To this ageing hack, there will always be a special place in the heart for Crowded House's third album, Woodface. Flush with youth and a first significant other, it's erudite mix of classic songwriting and mellifluous harmonies ensured that whilst the rest of Europe were shouting 'Acieed!' without even knowing what it meant, yours truly was enjoying road trips and quiet nights in the company of Four Seasons In One Day and Weather With You.

Crowded House Intriguer Album

Like all great records, Woodface had an element of backstory too, with Neil Finn's elder brother Tim co-opted into the group only to leave mid-way through the world tour that supported its release. More than anything however, its timelessness ensured that Crowded House would become arguably the Southern Hemisphere's most ubiquitous act of the last century, the unfortunate end of Michael Hutchence aside.

Seventeen years later, Intriguer arrives as a second release following the band's ten year hiatus, the sequel to 2007's Time On Earth. Whereas their first post-reformation album had evolved from the seeds of the evergreen Finn's solo writings, this arrives as very much a collaborative effort, constructed over an eighteen month period of touring and recorded in Auckland with producer Jim Scott.

Longstanding fans have no reason to panic, as the eager downloaders who snapped up the album's opening track Saturday Sun on its pre-release will have been able to tell them. Whilst the distribution method reflected a contemporary take on the vagaries of the modern entertainment industry, the track itself was a Crowded House archetype once beyond the rolling fuzzy bass of the opening few notes, a genteel uptempo stroll underpinned by Finn's preferred Lennon/McCartney-esque melodies.

It's also little surprise that none of Intriguer's highest moments reach those of Woodface, indeed you sense that was probably a conscious decision by a band with little left to prove.

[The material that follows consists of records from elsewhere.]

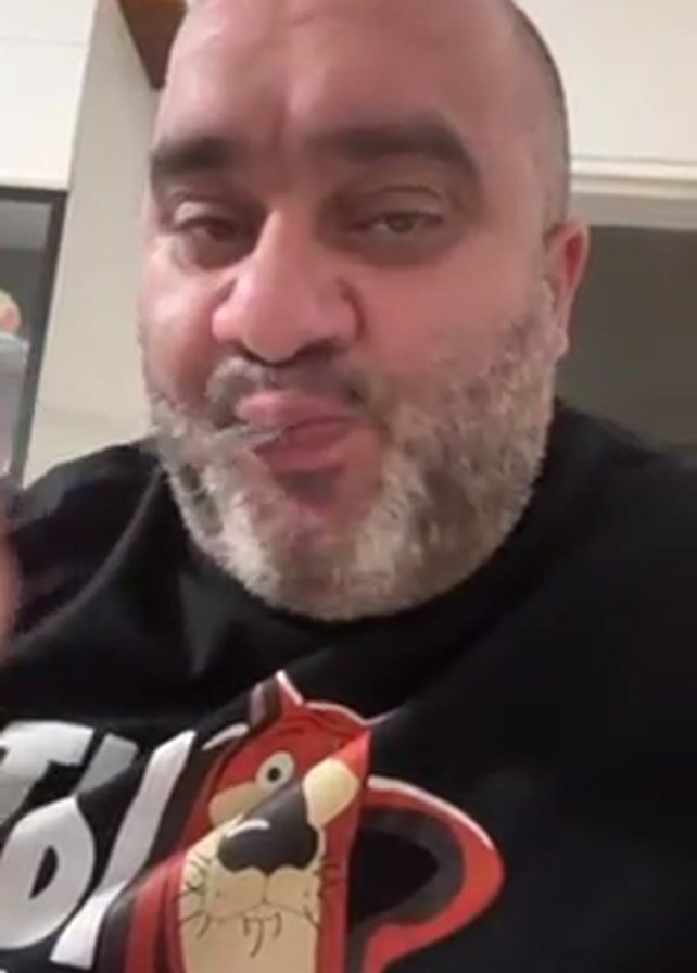 A close-up video shows a bald man with a graying beard wearing a black t-shirt with a cartoon character on it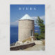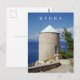 Une belle vue sur un moulin à vent sur l'île de Hydra en Grèce imprimé sur une carte postale.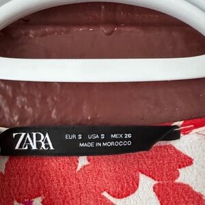 Chic Zara dress with red floral design. Wrap dress featuring a fully connected skirt. Has hem gathered 3/4 sleeves.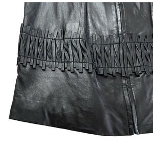 Peter Nygard Black Leather Vest Weave Cowgirl Biker Women's size 10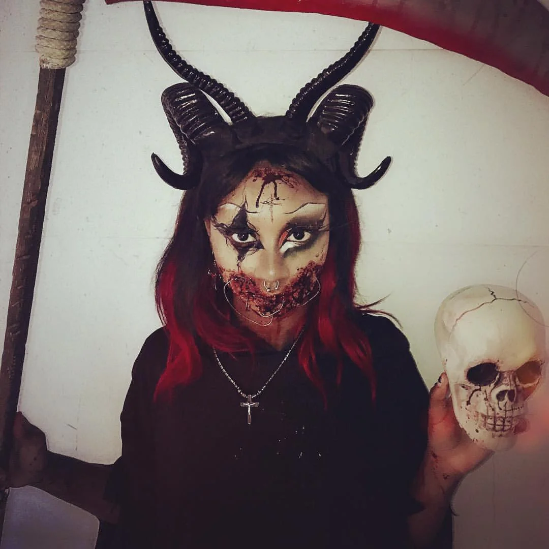 Experience the Baphomet Horns, a Gothic cosplay headband featuring two stunning sets of black horns – one long and one curly ram-style. Ideal for events, weddings, or your dark rituals. Each horn measures 20cm/8on one side for an otherworldly look.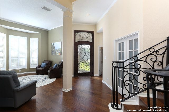 Previous buyer was waiting on a medical license and we held the property for them for 7 months, and just now got denied and unable to go through with the purchase. Come take a look at this beautiful home with 3 BR, 2 1/2 bath, two living areas, study, loft and dining room. Open floor plan with high ceilings, engineered hardwood floors , granite counter tops, tucked into the desirable Deer Hollow neighborhood. Neighborhood amenities include a swimming pool, basketball court, playground and clubhouse just a short walk away. Quick access to 1604 and 281 for all your shopping and dining needs. Recent upgrades include Plantation Shutters installed through most of the house, hand crafted iron front door, ornate iron stair and loft railing, new total yard landscaping by Greens & Blooms with add-on bbq porch, remodeled master closet with pull out drawers, pants rack and stool, Phillips voice command hue lighting throughout house, outdoor electric panel with generator hook-up, Ring security front door, driveway and back yard.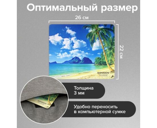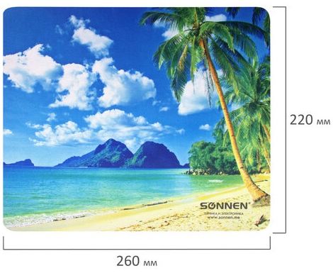 Коврик для мыши Sonnen 513294 BEACH, резина + ткань, 260х220х3мм

This of course isn't to say that there isn't much to enjoy, especially the gloriously drifting Either Side, itself a worthy addition to a trophy cabinet of imperiously lustrous songs whose inauguration came more than thirty years ago with Split Enz I Got You.

At that certain tempo comparisons could be made between the Kiwis and our own Teenage Fanclub, but the atmosphere of most of Intriguer is more introverted. Isolation for instance is a moody, vaguely psychedelic celestial meander, whilst the gritty Amsterdam wanders into territory which fans of Don't Dream It's Over may find more than a little bleak.

In many ways this is Crowded House at their most naked, stripped back to their roots and totally without pretension. Were they for instance from Arkansas, Intriguer would be categorised as Americana, right to the gentle pedal steel echoes of the lugubrious closer Elephants. They aren't of course, merely pinned instead to the anachronistic concept of making a record where most songs sound roughly the same and which sounds mostly like the record they made before it. Looks strange written down, doesn't it?

My paramour of the early nineties is long, long gone, but we'll always have Woodface. And Neil Finn and co. seemingly will never forget how to make music for real people to have real experiences to.